ASSIGNMENT — Without the images, repeat every line of the listing verbatim.

RECORDED DATA —
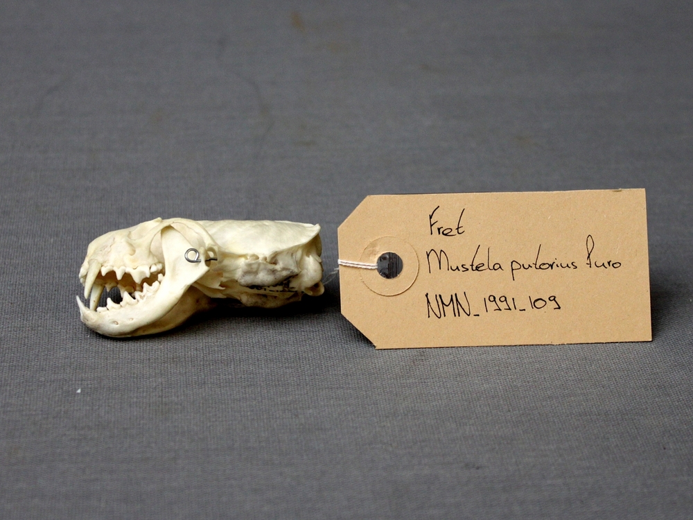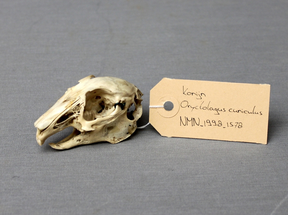 Konijn; schedel met onderkaak en atlas
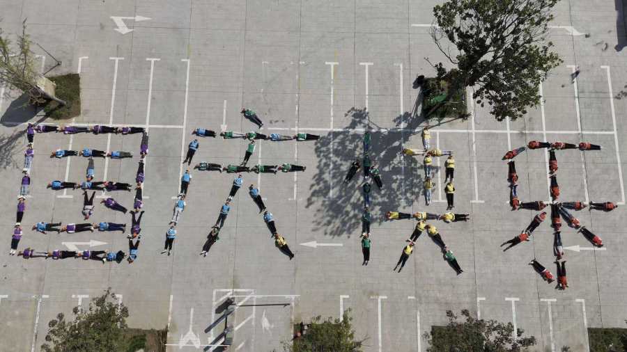 随后,“阶梯鼓掌”“独轮车接力”“跳大绳”“搭鞋塔”“翻魔毯”“拱桥搭建”等一系列高协作性项目依次开展。
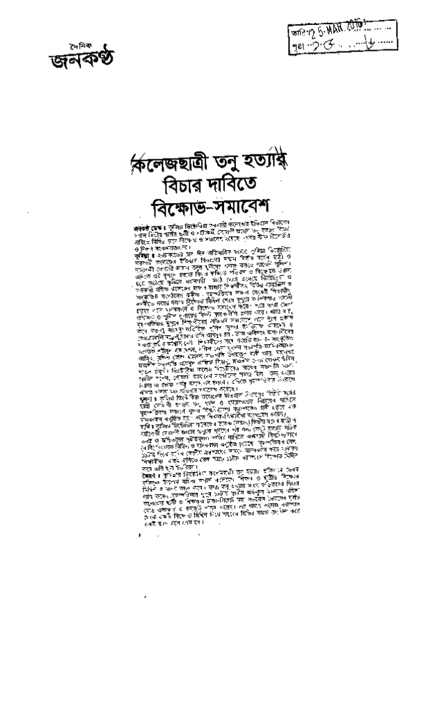 কলেজছাত্রী তুন হত্যার বিচার দাবিতে বিক্ষোভ-সমাবেশ Published on Newspaper দৈনিক জনকণ্ঠ Category Campus Terrorism Download

EXERCISE RESPONSE —
 Konijn; schedel met onderkaak en atlas
 随后,“阶梯鼓掌”“独轮车接力”“跳大绳”“搭鞋塔”“翻魔毯”“拱桥搭建”等一系列高协作性项目依次开展。
 কলেজছাত্রী তুন হত্যার বিচার দাবিতে বিক্ষোভ-সমাবেশ Published on Newspaper দৈনিক জনকণ্ঠ Category Campus Terrorism Download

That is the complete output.